= Task statement =
Return the lines of the material below exactly, beginning with the line that has "Kit for 10 candle" in it and finishing with the line that has "Små gula tomater med blåsvarta skuldror" in it. Leave all pictures aside.
━━━
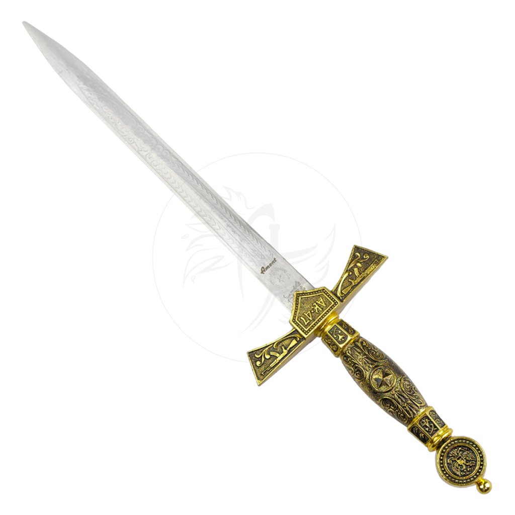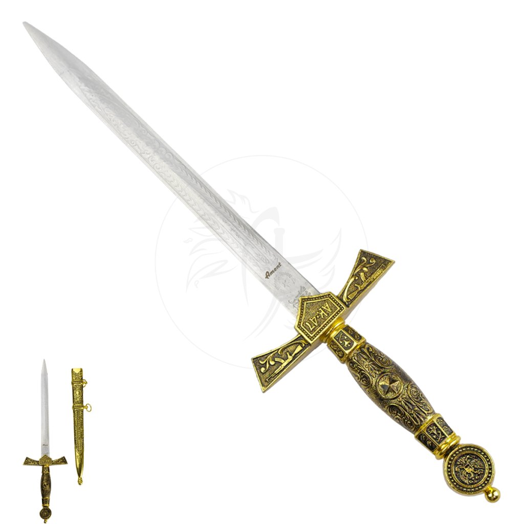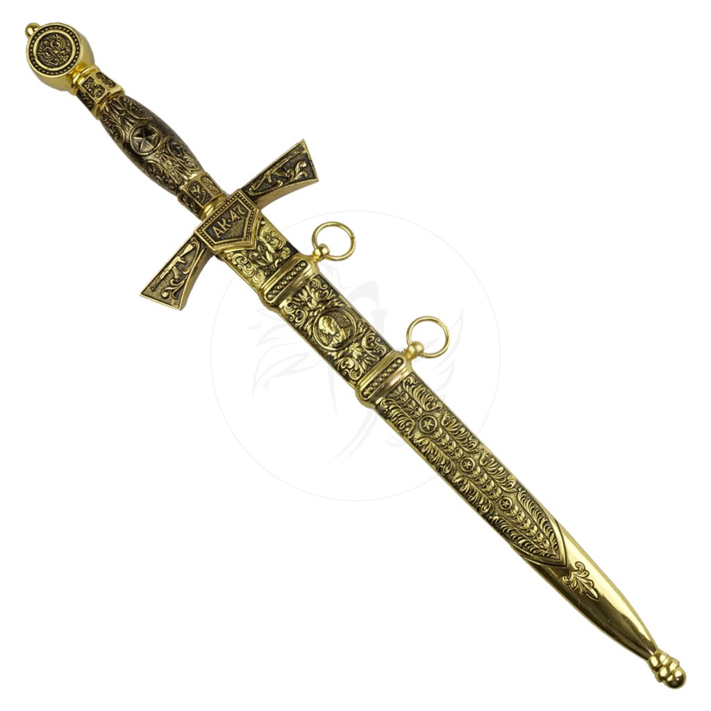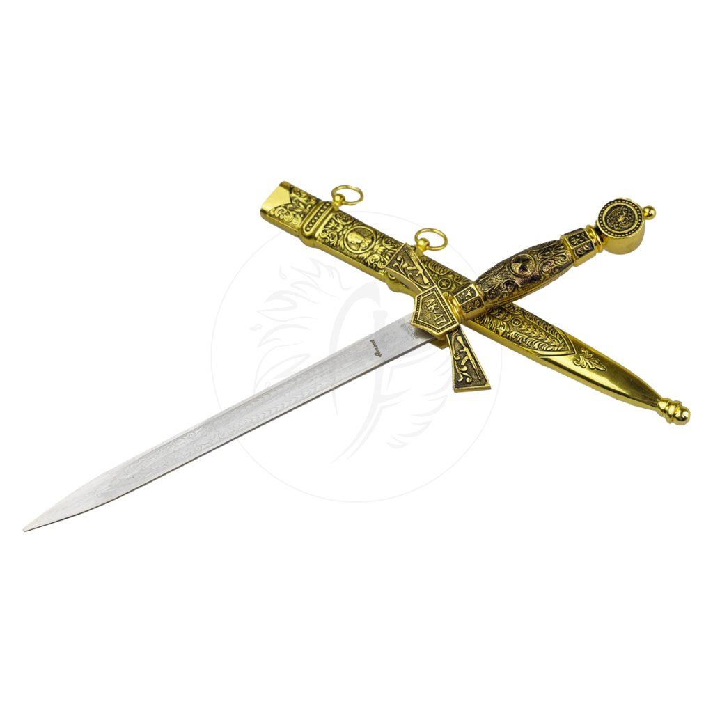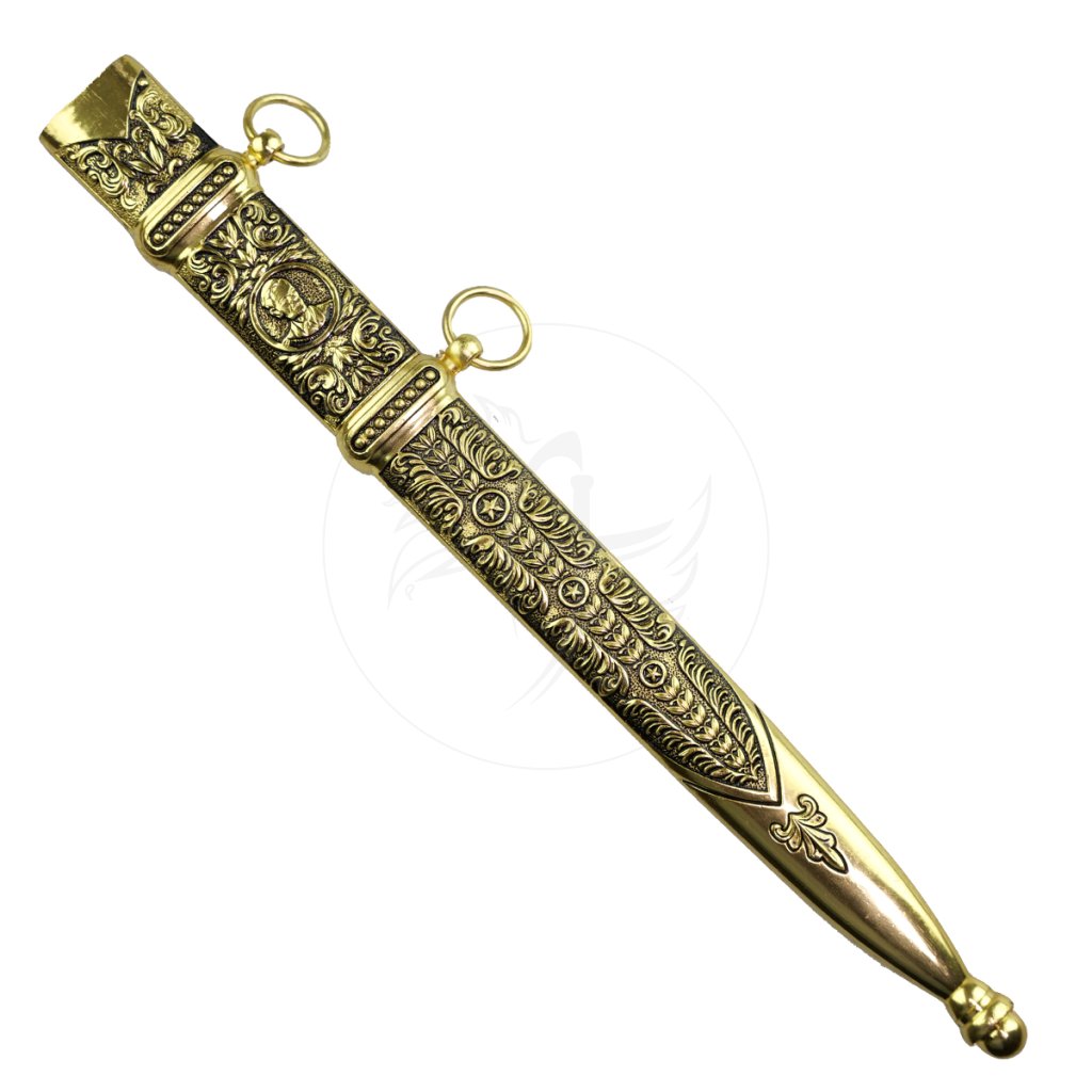 Tupá čepel této dýky je vyrobena z nerezové oceli 420, což jí dodává odolnost. Je to ideální materiál pro tento typ nože, protože se snadno udržuje a odolává rzi. Kromě samotné dýky získáte také celokovovou zlatou pochvu jako součást balení. Pochva chrání dýku před poškrábáním nebo poškozením během výstavy nebo skladování. Je vyrobena ze stejné kvalitní nerezové oceli jako čepel nože, což zajistí její dlouhodobou životnost.
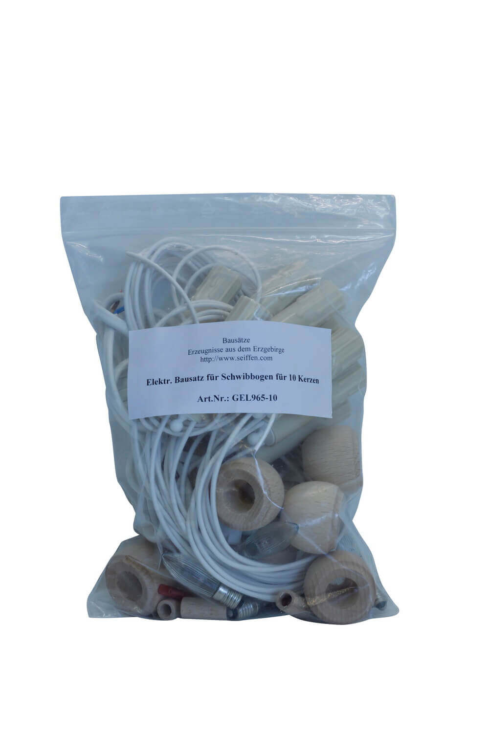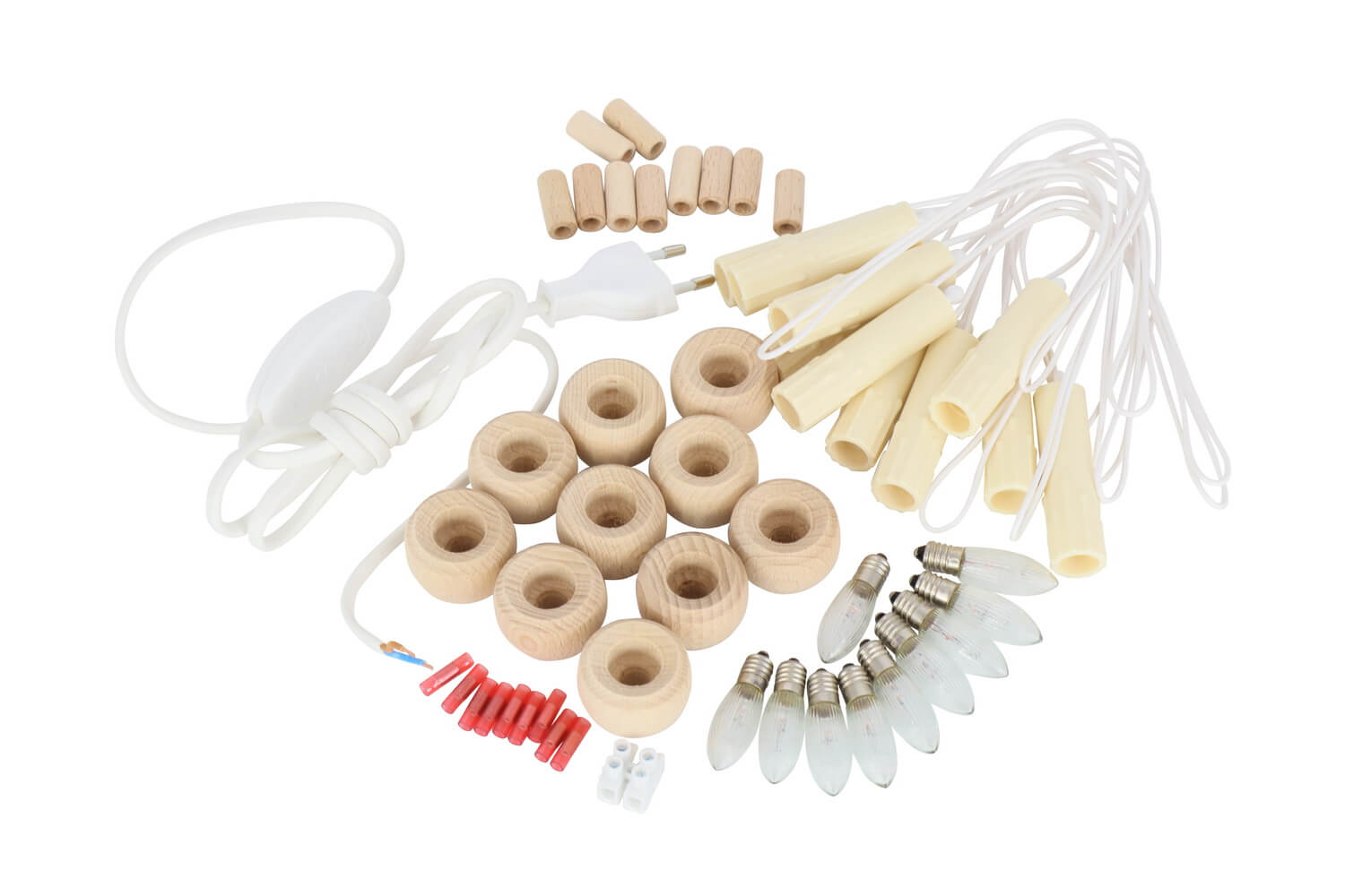 Kit for 10 candle arch, 10 corrugated candles 23 volt, 1 connecting lead with switch, 1 luster terminal, 10 candle sleeves completely assembled with 26 cm long leads, 9 crimp connectors, 10 wooden grommets with respective connecting sleeve
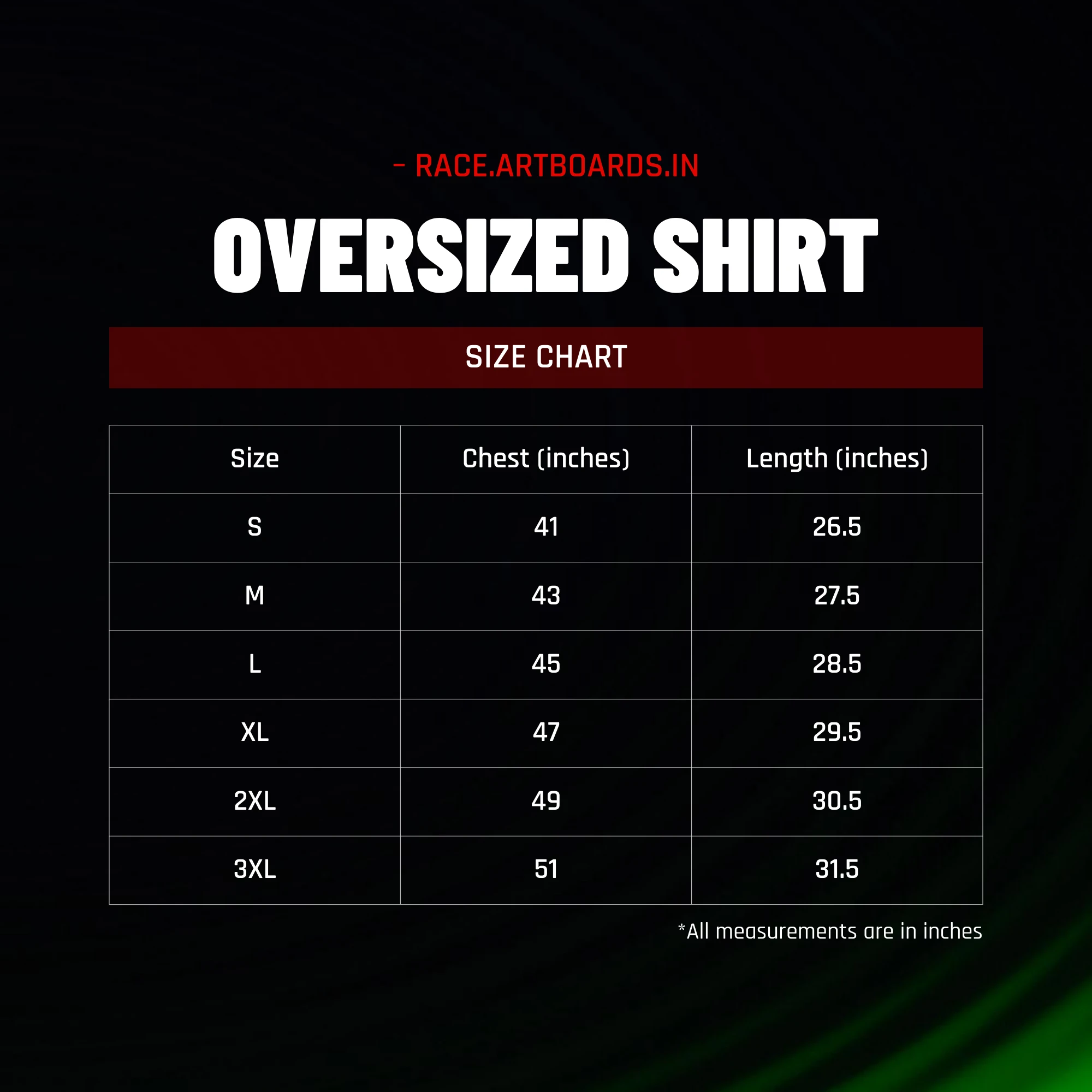 📏 SIZE GUIDE (INCHES)
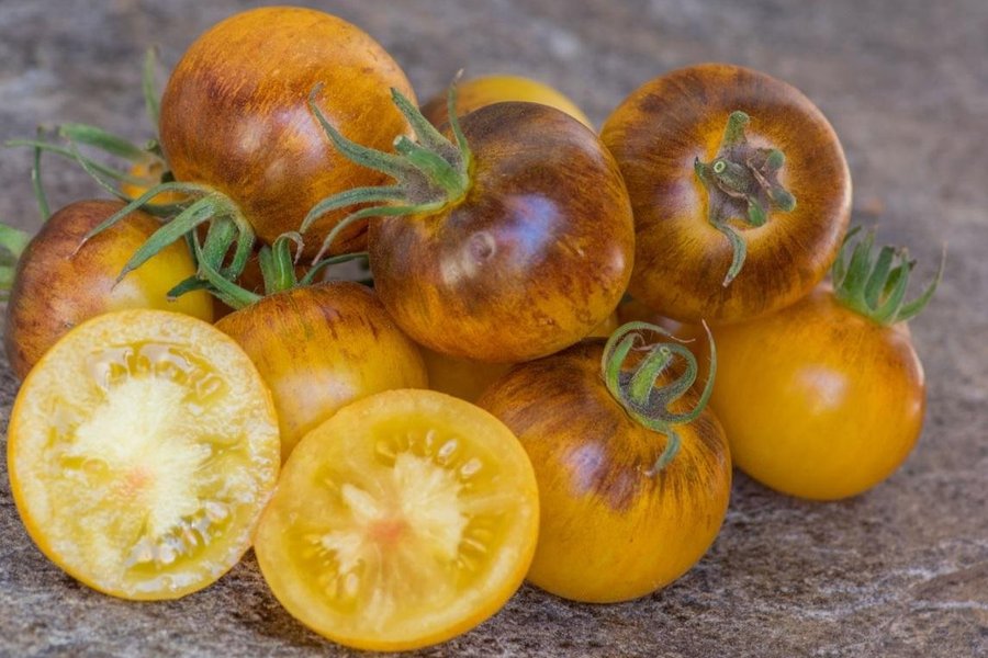 Små gula tomater med blåsvarta skuldror
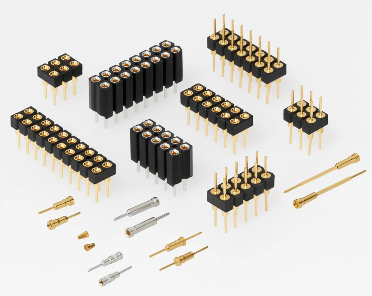 Als Gegenstecker für die genannten Kontaktfederformen werden Stift- und auch Messerkontakte verwendet. Je nach Federkontakttyp können diese Gegenstecker eine quadratische, rechteckige oder zylindrische Form haben und teilweise in mehreren oder sogar allen Formen gemischt eingesetzt werden.
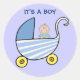 É um Chá de Nascimento de Bebê-Bebê. Adorável carrinho de bebê listrado azul com rodas amarelas, com um bebê giro a sair. Tudo em uma etiqueta azul de adesivo redondo. Use para anúncios, chás, rascunho ou na frente dos envelopes. O adesivo rosa também está disponível.
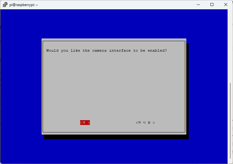 라즈베리파이 설정화면에서 카메라를 enable 한다. 아래 이미지는 Raspberry Pi4 화면으로 안내한다. 원래 이렇게 왔다 갔다 설명한다. ^^ 아래 명령어를 입력하면 매우 아름다운 설정화면이 나온다.
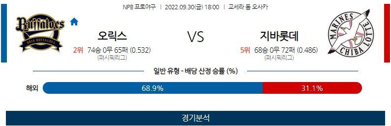 [NPB] 9월30일 오릭스 vs 소지바롯데
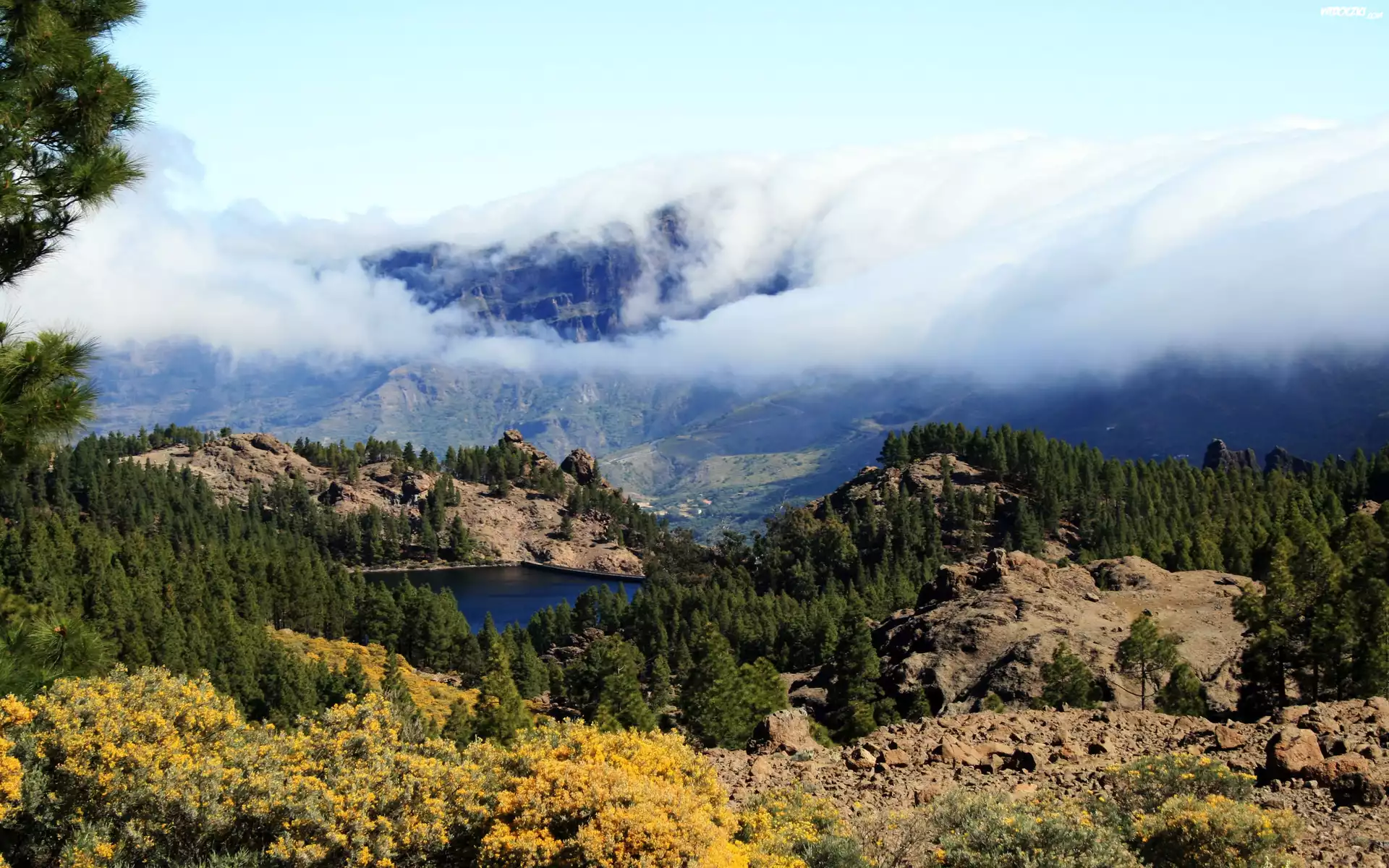 Zdjęcia, Góry, Lasy, Jezioro, Mgła
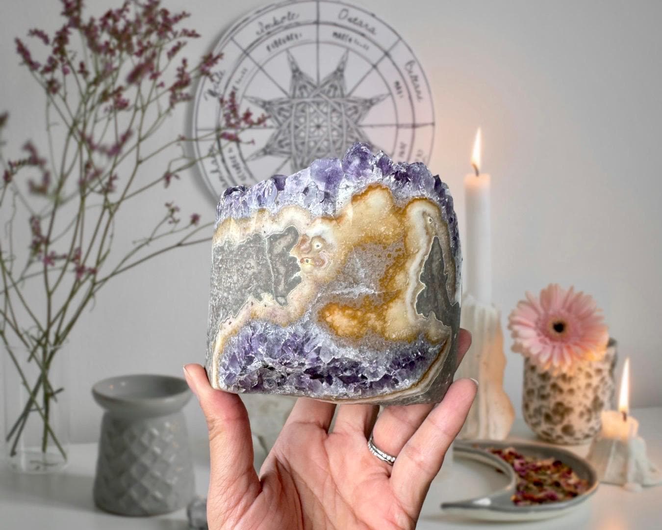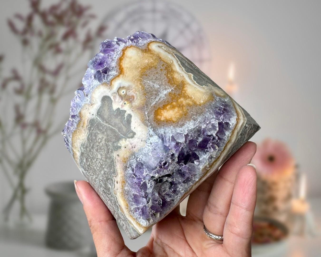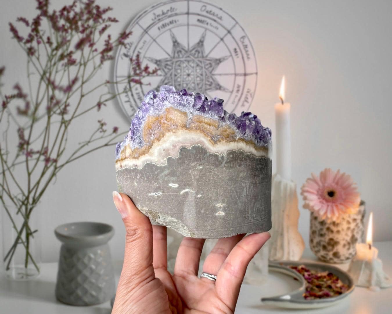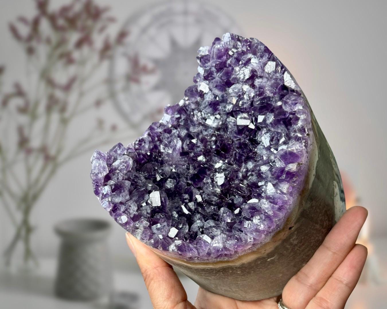 Enjoy the beauty of an Amethyst Cluster Cylinder with polished edges and a cut base for easy displaying! As a healing stone, Amethyst is helpful with calming an overworked and over stressed mind. It dispels negativity and creates a peaceful environment, making it a wonderful piece to add to your home decor.
━━━
= Exercise response =
 Kit for 10 candle arch, 10 corrugated candles 23 volt, 1 connecting lead with switch, 1 luster terminal, 10 candle sleeves completely assembled with 26 cm long leads, 9 crimp connectors, 10 wooden grommets with respective connecting sleeve
 📏 SIZE GUIDE (INCHES)
 Små gula tomater med blåsvarta skuldror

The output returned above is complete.